Indonesian women born into rural communities in rainy years grow taller, stay in school longer and live in households with greater wealth than women born in years with lower rainfall, a new U-M study suggests.
The study extends previous research on the long-run impact of extreme environmental conditions in the critical first year of life to focus on a common source of vulnerability in poorer agricultural economies — weather.
“These patterns most plausibly reflect a positive impact of rainfall on agricultural output, leading to higher household incomes and food availability and better health for infant girls,” says Sharon Maccini, study co-author and a lecturer at the Gerald R. Ford School of Public Policy.
The findings highlight the importance of public policies that help households cope with year-to-year variations in economic conditions.

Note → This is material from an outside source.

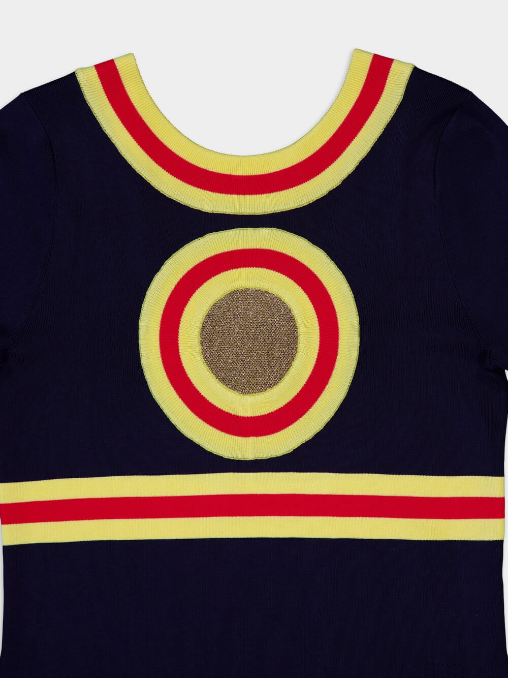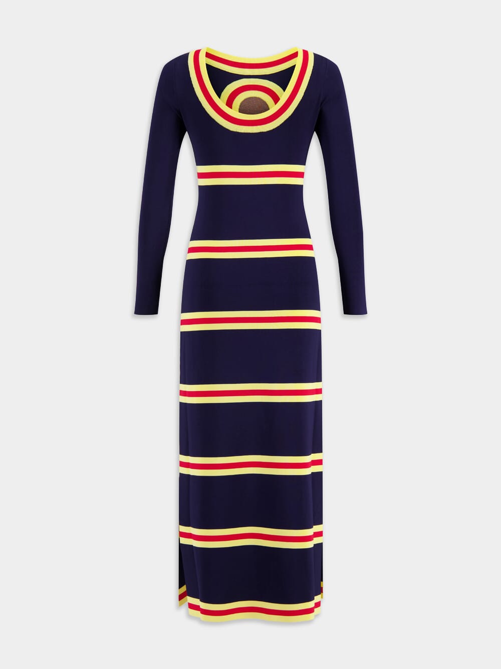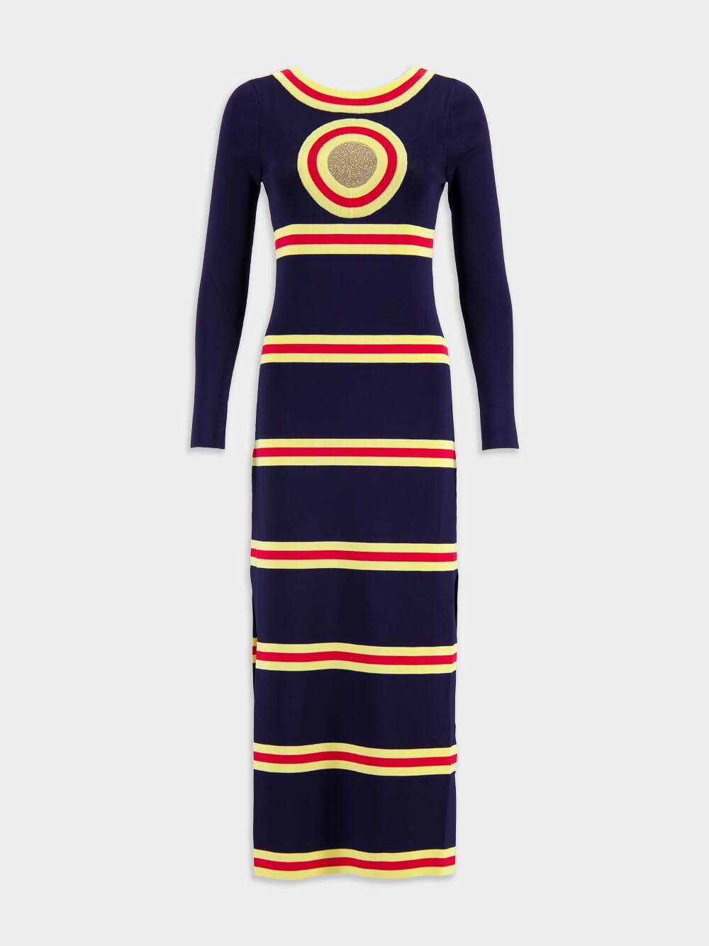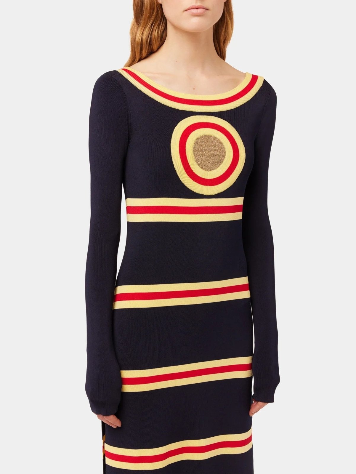 Long dress in lurex knit with geometrical details, a perfect blend of comfort and style. This dress features long sleeves and slits on the sides, allowing for easy movement and a flattering silhouette. Composed of a back neckline and a captivating play of geometrical stripes with shimmering lurex details, it adds a touch of sophistication to your ensemble.

Maccini and Dean Yang, Ford School assistant professor, used decades’ worth of data on hundreds of rainfall stations across Indonesia to measure deviations from local rainfall norms.
They matched the yearly variations to the place and year of birth reported by several thousand Indonesian adults in an ongoing survey with detailed information on health, income, schooling and living conditions.
Women born in years with relatively low rainfall were shorter, reported themselves in worse health, attained less schooling and lived in households with fewer assets than comparable women who happened to be born in wetter years.
Rainfall did not affect outcomes for boys, suggesting gender bias where households give preferential treatment to boys in distributing food or other household resources. This might be especially true in times of hardships when a poor family’s resources are strapped, Maccini says.
“Social insurance and food security or other public health programs can help households in poor rural communities worldwide protect their young children from ill health driven by temporary environmental shocks like droughts,” Yang says.
Researchers say the study provides additional justification for these programs, as good nutrition and health investments for infant girls have a long reach into adulthood.
The findings appear in the June issue of the American Economic Review.